** GIVEN INFORMATION **
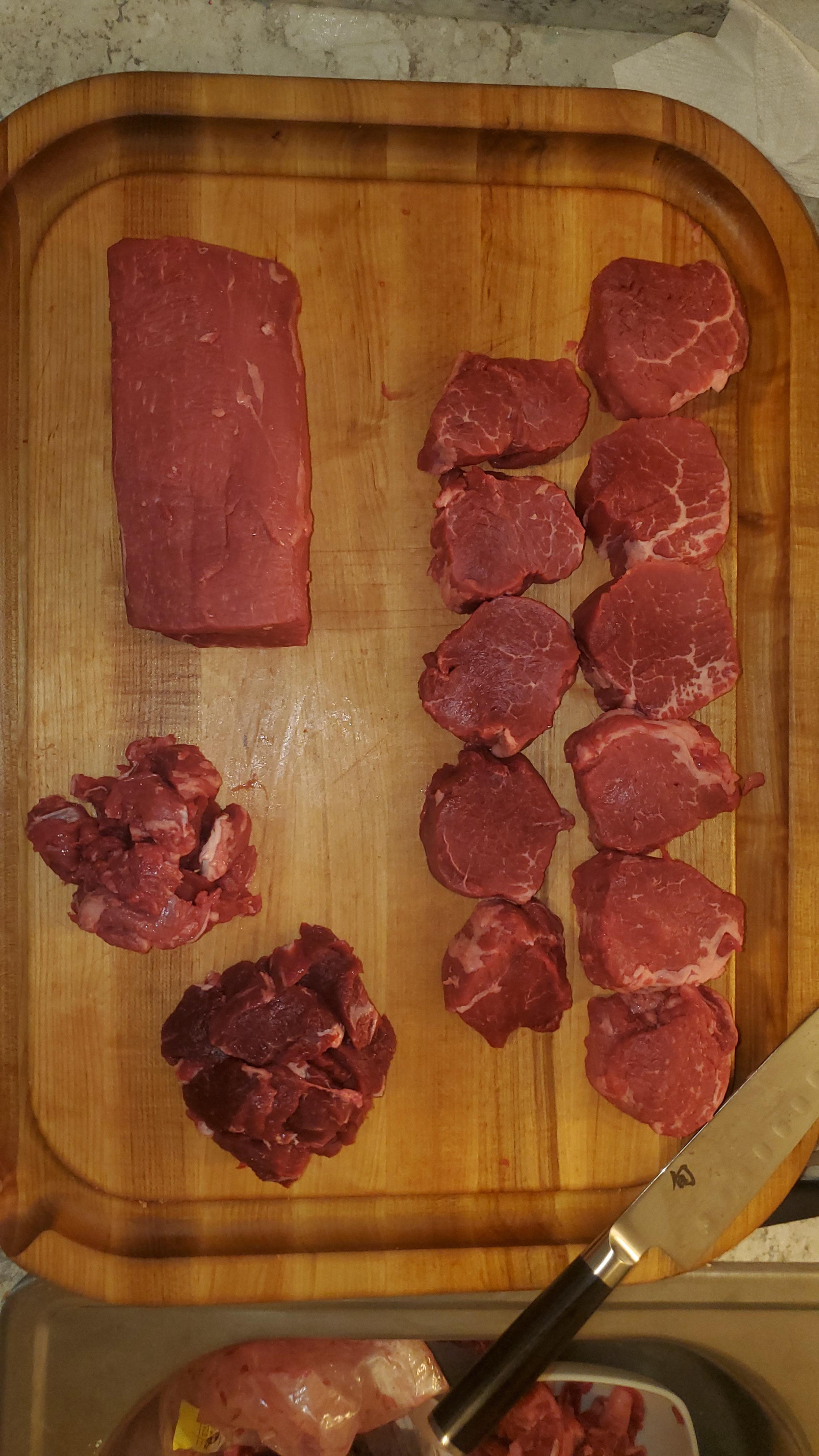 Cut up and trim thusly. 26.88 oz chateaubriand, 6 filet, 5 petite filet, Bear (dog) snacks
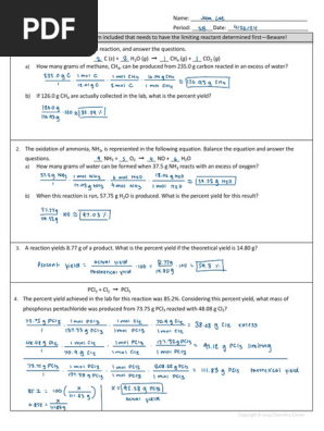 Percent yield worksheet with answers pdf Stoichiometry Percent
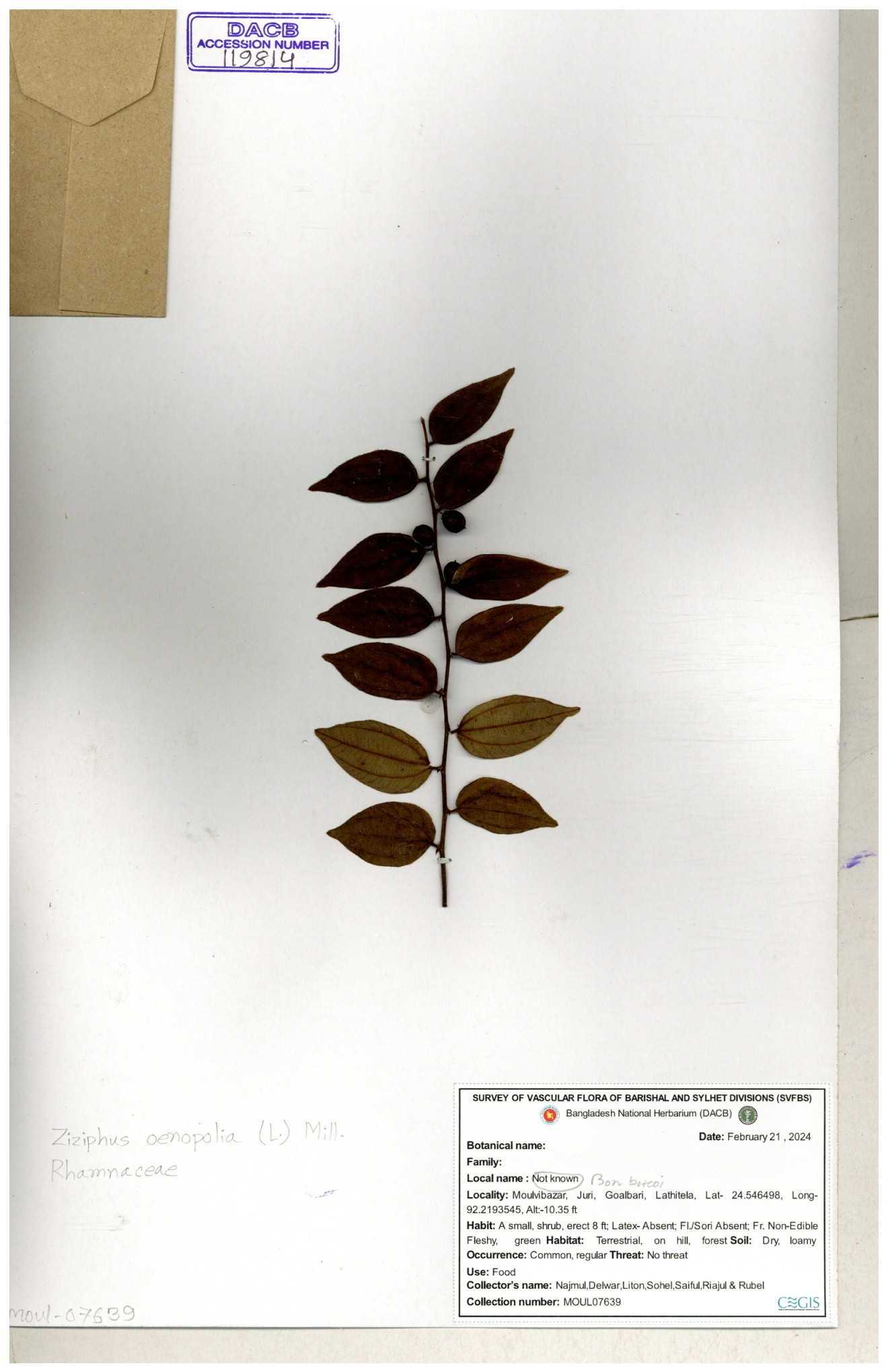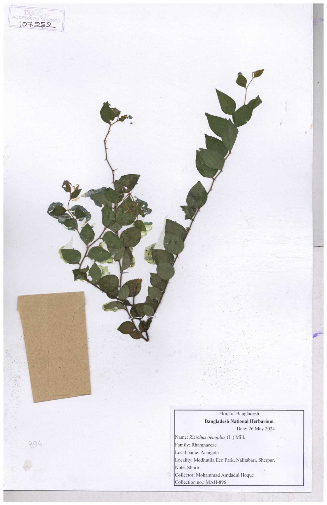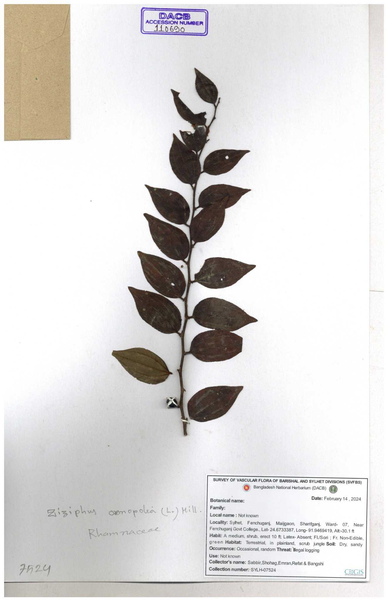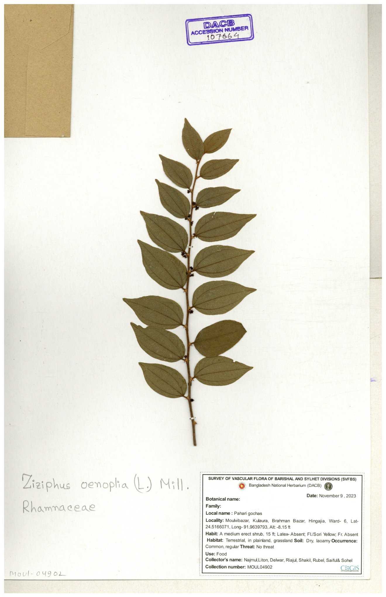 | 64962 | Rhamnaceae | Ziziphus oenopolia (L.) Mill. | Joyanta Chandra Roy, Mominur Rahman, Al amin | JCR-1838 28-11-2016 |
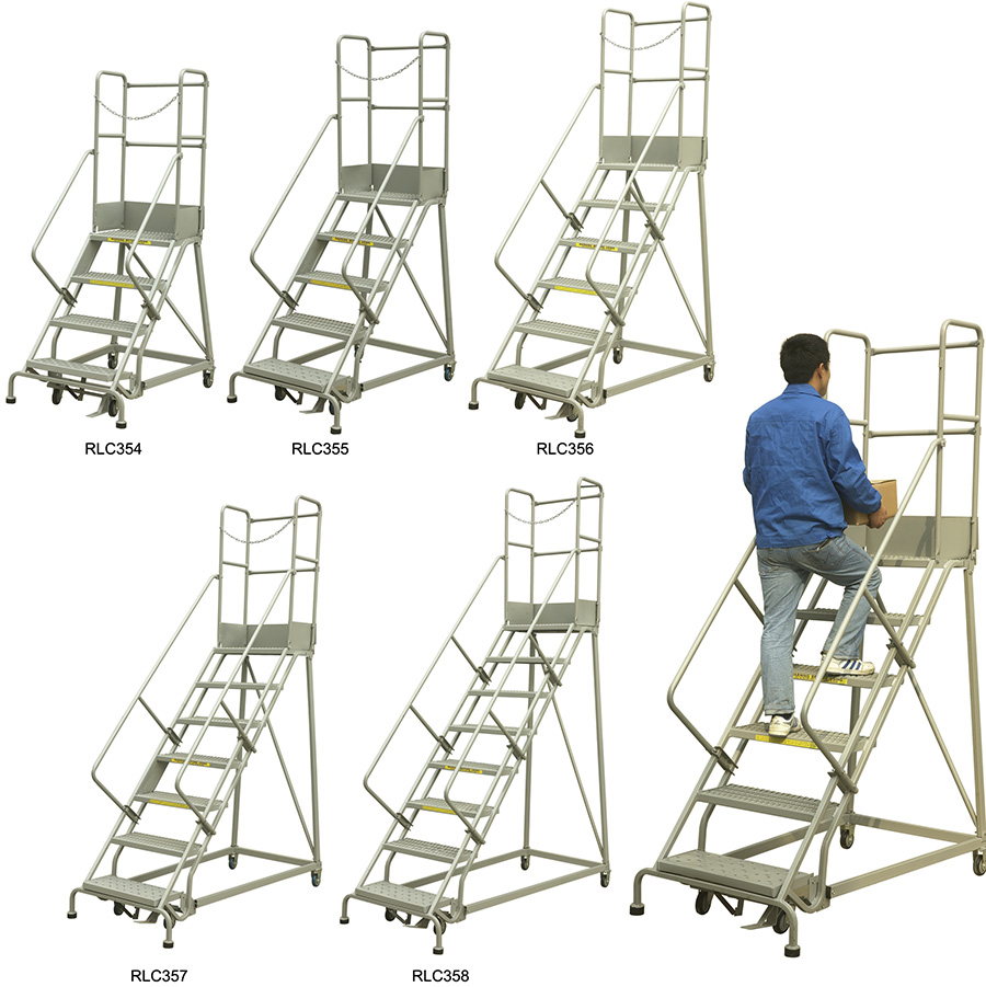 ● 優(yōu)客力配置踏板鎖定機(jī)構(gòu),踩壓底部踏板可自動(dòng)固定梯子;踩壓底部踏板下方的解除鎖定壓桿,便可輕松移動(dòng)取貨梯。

** WHAT TO WORK ON **
Leave out every picture, and copy exactly the lines from the line that contains "Percent yield worksheet" through the end of the material.

** YOUR RESPONSE **
 Percent yield worksheet with answers pdf Stoichiometry Percent
 | 64962 | Rhamnaceae | Ziziphus oenopolia (L.) Mill. | Joyanta Chandra Roy, Mominur Rahman, Al amin | JCR-1838 28-11-2016 |
 ● 優(yōu)客力配置踏板鎖定機(jī)構(gòu),踩壓底部踏板可自動(dòng)固定梯子;踩壓底部踏板下方的解除鎖定壓桿,便可輕松移動(dòng)取貨梯。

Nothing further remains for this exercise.